Rare and Overlapping Causes
Group 5 encompasses conditions where pulmonary hypertension arises through multiple mechanisms that don’t fit neatly into the other categories. Sarcoidosis is one of the more recognized examples: this inflammatory disease can affect the lung tissue, compress blood vessels with enlarged lymph nodes, and involve the heart simultaneously, making it hard to attribute the elevated pressure to a single pathway.

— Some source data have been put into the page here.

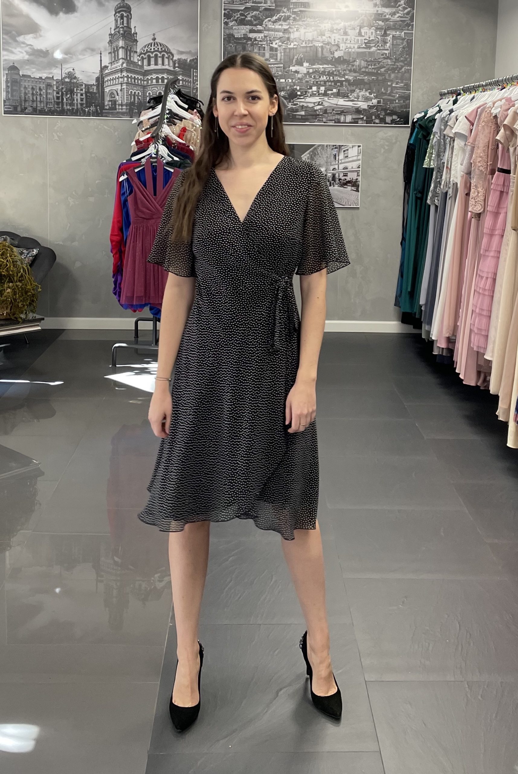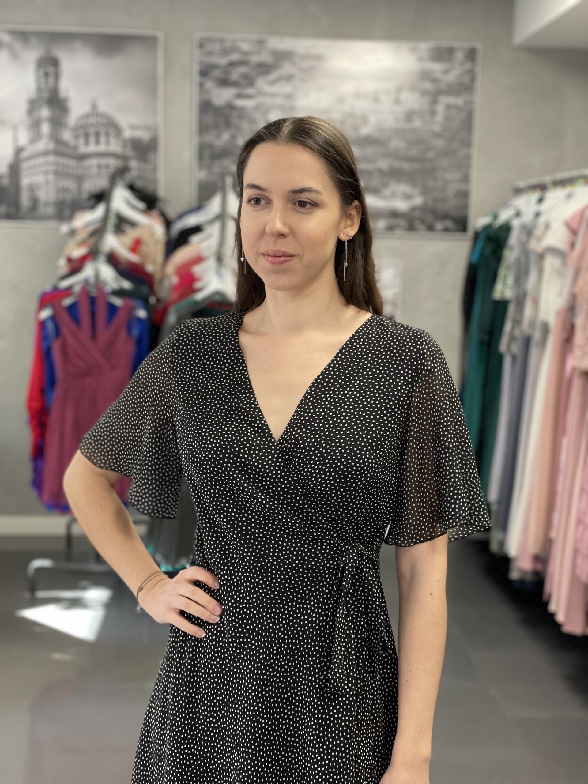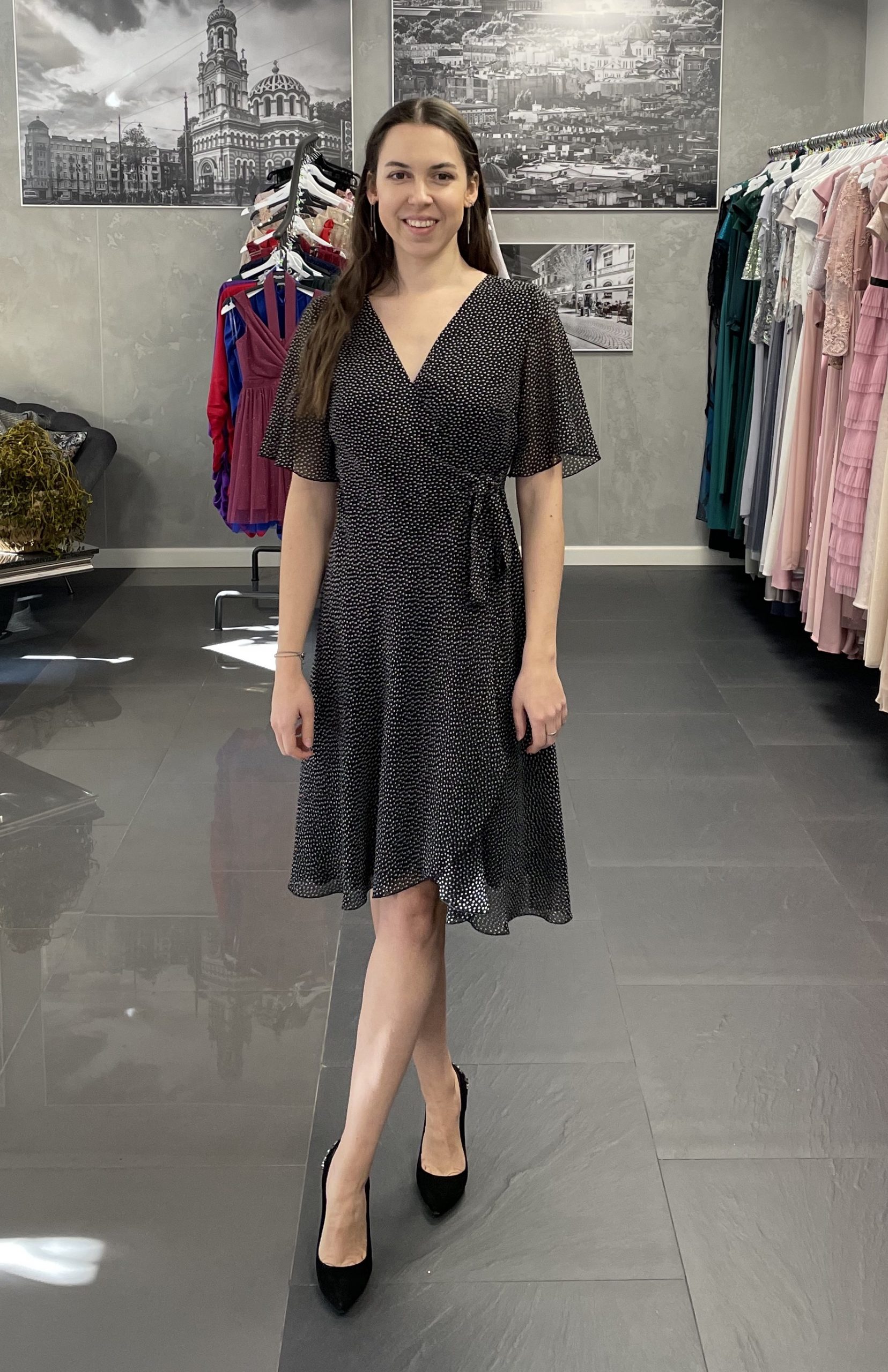 Czarna kopertowa sukienka w groszki. Sukienka modnej i wygodnej długości do kolana, wiązana kopertowo. Jedno wiązanie znajduje się po wewnętrznej stronie i pozwala na dopasowane sukienki w talii, drugie, zewnętrzne twarzy piękny, kopertowy krój. Delikatne, zwiewne rękawki. Lekko asymetryczne wykończenie optycznie wydłużające sylwetkę. Sukienka posiada wiskozową podszewkę, wykonana jest z wysokiej jakości szyfonu czarnego w drobne, jasne groszki.
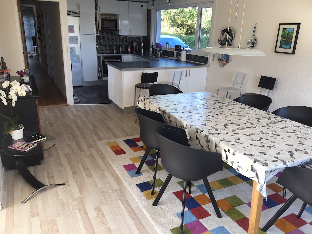 Kom og nyd roen på landet. Dejligt lyst hjem med udsigter til mark og skov fra alle vinduer så langt øjet rækker. Smukt lysindfald i stuen hele dagen, hvorfra der kan ses rådyr, harer og forskellige fugle. Fuldt funktionelt køkken med filterhane til renset vand og opvaskemaskine. Ude i den store have der er vild med vilje er der bålsted, gynger, trampolin og sandkasse. I huset er der babystol og legetøj.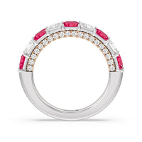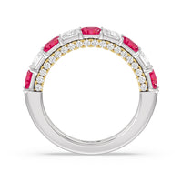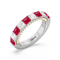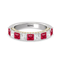A standout sparkler. This half-eternity ring that's perfect as an anniversary ring epitomizes glowing beauty. Half of the band is traced with created Ruby princess-cut on a prong setting. Underneath the princess created Ruby is an arch of petite round diamonds set on prongs in a different metal tone. The two-toned look and the continuous sparkle give this piece a fashion-forward style plus lots of personality.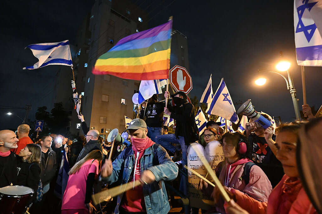 הפגנה נגד הרפורמה המשפטית מול ביתו של גפני בבני ברק // צילום: ברק דור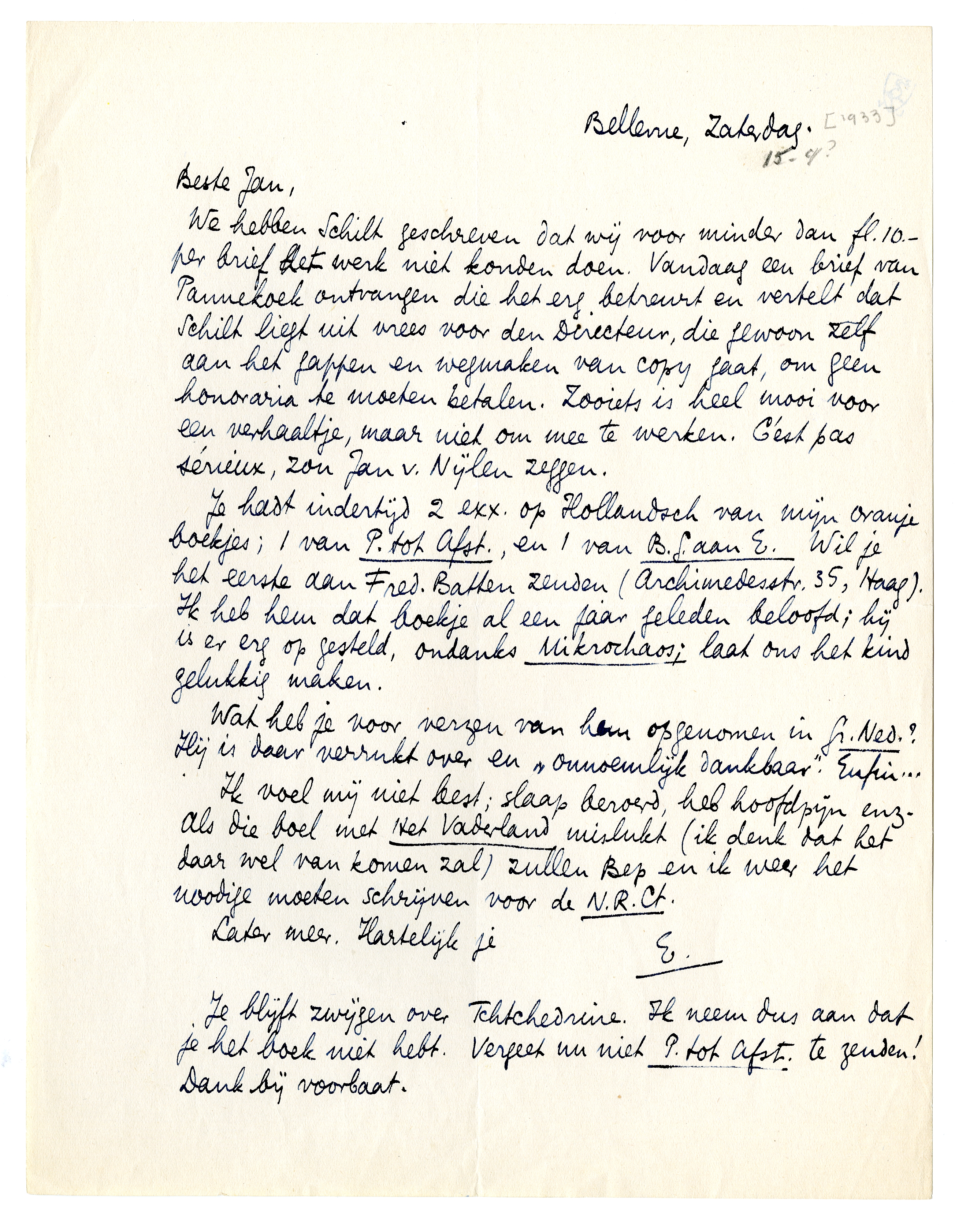 We hebben Schilt geschreven dat wij voor minder dan fl. 10.- per brief het werk niet konden doen. Vandaag een brief van Pannekoek ontvangen die het erg betreurt en vertelt dat Schilt liegt uit vrees voor den Directeur, die gewoon zelf aan het gappen en wegmaken van copy gaat, om geen honoraria te moeten betalen. Zooiets is heel mooi voor een verhaaltje, maar niet om mee te werken. C'est pas sérieux, zou Jan v. Nijlen zeggen.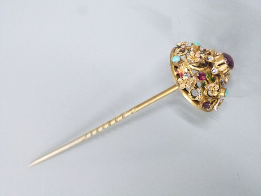 Vizagapatam inlaid box, 15cm, metal buttons, Victorian Hukin and Heath orange peeler, 19thC compass, diameter 5.5cm, porcelain coat hooks, gilt and enamel hat pin set with cabochons etc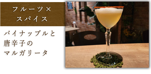 それをパイナップルを浸け込んだテキーラと合わせ、個性的なマルガリータに仕上げました。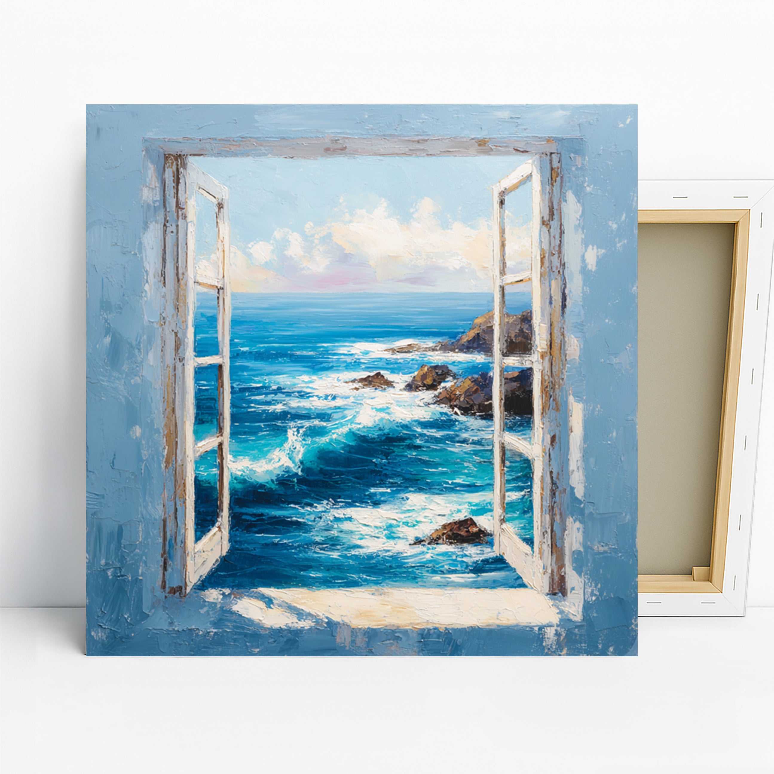 Keywords: Ocean View Window Art, Canvas Wall Art, Coastal Decor, Modern Art, Bohemian Decor, Living Room Art, Bedroom Art, Bathroom Art, Entryway Decor, Blue Wall Art, White Wall Art, Teal Wall Art, Multicolor Art, Impressionism Art, Nature Art, Classic Art, Seascape Art, Beach Inspired Decor, Home Decor, Wall Decor, Fine Art Prints, Interior Design, Relaxing Atmosphere, Tranquil Home, Coastal Living, Ocean Breeze Art, Gift for Home, Housewarming Gift, Birthday Gift, Holiday Gift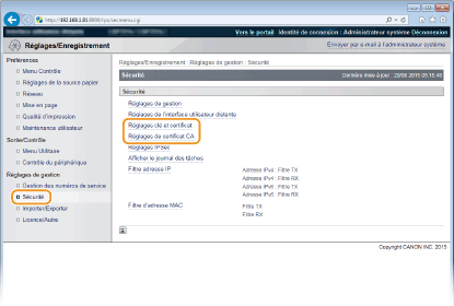 Cliquez sur [Sécurité]  [Réglages clé et certificat] ou [Réglages de certificat CA].

Several metabolic disorders also fall into this group. Thyroid disease, both overactive and underactive, is associated with pulmonary hypertension. Among the rarer metabolic causes, Gaucher disease (a genetic condition where fatty substances accumulate in cells and organs) has been linked to pulmonary hypertension in up to 30% of untreated patients based on echocardiography screening. Glycogen storage disease type 1, also known as von Gierke disease, is another rare metabolic trigger. Pulmonary Langerhans cell histiocytosis, a condition where abnormal immune cells accumulate in the lungs, rounds out the more notable Group 5 causes.
Because these conditions affect the pulmonary vasculature through several overlapping pathways at once, they can be especially challenging to diagnose and manage compared to the more clearly defined groups.